Much of the writing about Neely’s death has been about the mundane nature of her presence on that F train, her status as one of many mentally ill and homeless people whose erratic behavior could frighten others. Some of the people who didn’t see the need for Penny’s physical intervention seemed to see no need for any intervention; any self-respecting New Yorker, they said, would know how to ignore Neely and move on to another car. But this also seems wrong to me, the rhetorical equivalent of Penny’s firm grip. It is a testament to how accustomed we have become to the sight of public suffering. We turn around or walk over people who appear as obstacles to the proper development of our days. We prefer that their misery does not affect our own life. But the indifference and fear that maintain this border can be as deadly as a stranglehold. That’s what scares me about this footage: without anyone appearing to be acting with the intent to kill, a man ends up dead.
The calm quality of the footage tells us everything we need to know about death and suffering in this society. When that passenger notices that Neely has pooped, one of the men who’ve helped restrain him replies, impassively, that what appears to be new poop is actually old poop. He says this in a way that, I suppose, makes him and everyone else in the scene feel better.

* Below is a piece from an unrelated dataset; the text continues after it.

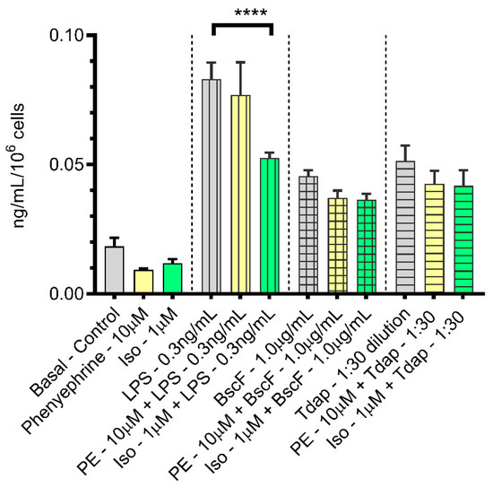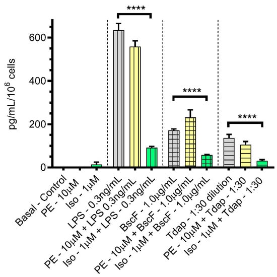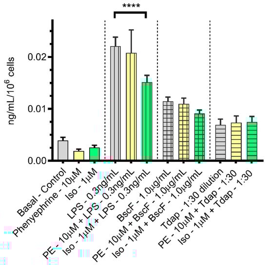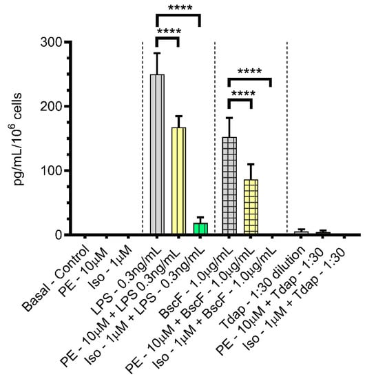 Both PE and ISO reduced the expression of chemokine CXCL10 upregulated by LPS or B. pertussis antigens, BscF and Tdap, in THP-1 cells. THP-1 cells treated with PBS, PE alone (10.0 µM), and ISO alone (1.0 µM) as control treatments, LPS alone (0.3 ng/mL), BscF alone (1.0 µg/mL), and Tdap alone (1:30 dilution) as antigen stimulation and LPS + PE (0.3 ng/mL + 10.0 µM)/LPS + ISO (0.3 ng/mL + 1.0 µM), BscF + PE (1.0 µg/mL + 10.0 µM)/BscF + ISO (1.0 µg/mL + 1.0 µM), and Tdap + PE (1:30 dilution +10.0 µM)/Tdap + ISO (1:30 dilution +1.0 µM) as agonist treatments. Twenty-four hours later, conditioned media from both the control and treatment groups were collected, and chemokine levels were quantitated with FMIA. Data in the bar graph presented as mean ± SEM of triplicate assays. A statistically significant change between control and treatment groups is indicated by **** p < 0.0001.

Neely, whose mother she was murdered by her boyfriend in 2007, she was a familiar figure to community workers in Manhattan. His mother’s death changed his life.. He dropped out of Washington Irving High School, where he was known as a good student with a penchant for impersonating Michael Jackson. He would perform for subway riders in Midtown and Lower Manhattan. He slowly descended into drug addiction and mental illness. He was in and out of treatment and was frequently arrested for offenses including fee evasion and hitting people. Extension workers eventually came to fear that he might seriously harm himself or others. In 2021, he was arrested for beating an elderly woman, which precipitated his enrollment in a treatment center this year. But he stopped treatment and, in the spring, he seemed to be getting worse and worse.
Despite the violent death we know is coming, the sounds are deafeningly normal.

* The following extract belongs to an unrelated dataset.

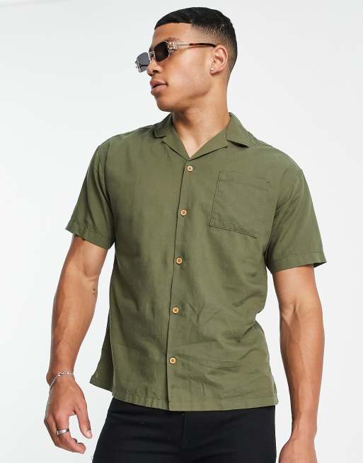 Jack Jones Essentials linen short sleeve shirt with revere collar in khaki Very well made.

As the veteran New York journalist Errol Louis recently wrote, Neely was, when he boarded that train, already effectively dead. He belonged to an underclass whose problems we must banish from our consciousness if we are to enjoy our own lives, relegating them to shelters or treatment centers that we hope never to find. According to reports, what Neely did that he so alarmed the passengers was yelled aggressively about how hungry and needy he was, and that he no longer cared if he was jailed or killed. Perhaps the cyclists perceived in Neely’s language the logical end point of his desperation, the will to cross the border that separates him from others. Even if Penny hadn’t been filmed choking Neely, even if Neely had gotten off the train alive, the fact that her scream was immediately received as a sinister threat, or, at best, a warning to flee, it reflects how cautious and afraid we are of each other. All the agitation and alarm and fear of violence in this situation seems to have passed. before applying a chokehold. It’s only when someone is slowly being killed that a strange calm is restored.

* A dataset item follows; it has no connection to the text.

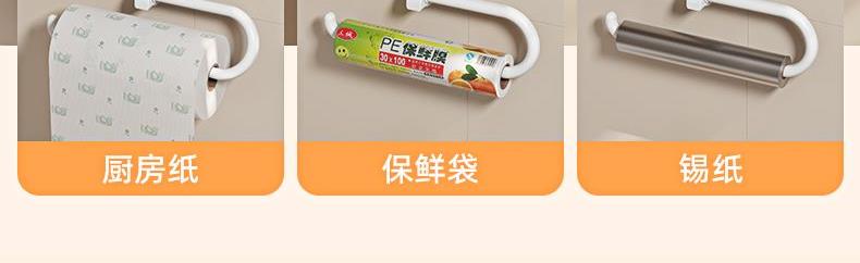 產(chǎn)品尺寸:306*80*171mm 材質(zhì):ABS 類別:普通置物架 適用場景:廚房 圖案:白色 產(chǎn)品描述:廚房好伴侶,免打孔壁掛卷紙架,一秒安裝,免釘免膠,防水防油,旋轉(zhuǎn)倒掛。

When I first saw the video, I didn’t think of it in relation to those many familiar videos of murders by police officers. I thought about it in relation to the footage of the drone strike. In those videos, we see murders great in their effect, presentation, and execution, even though, in reality, we’re seeing the kinds of violence reserved for those who don’t enjoy the protections we afford American citizens. I see some of the abstraction of those videos in the faces in this video, in the way people don’t seem to register the specter of death. Nobody wants nobody to die; it’s just the cost of doing business.
Source photos: Keith Getter/Moment/Getty Images; Corbis/Getty Images.
Ismail Muhammad is the magazine’s story editor. he has written about waves of migration to New York, diversity in publishing and filmmaker garrett bradley.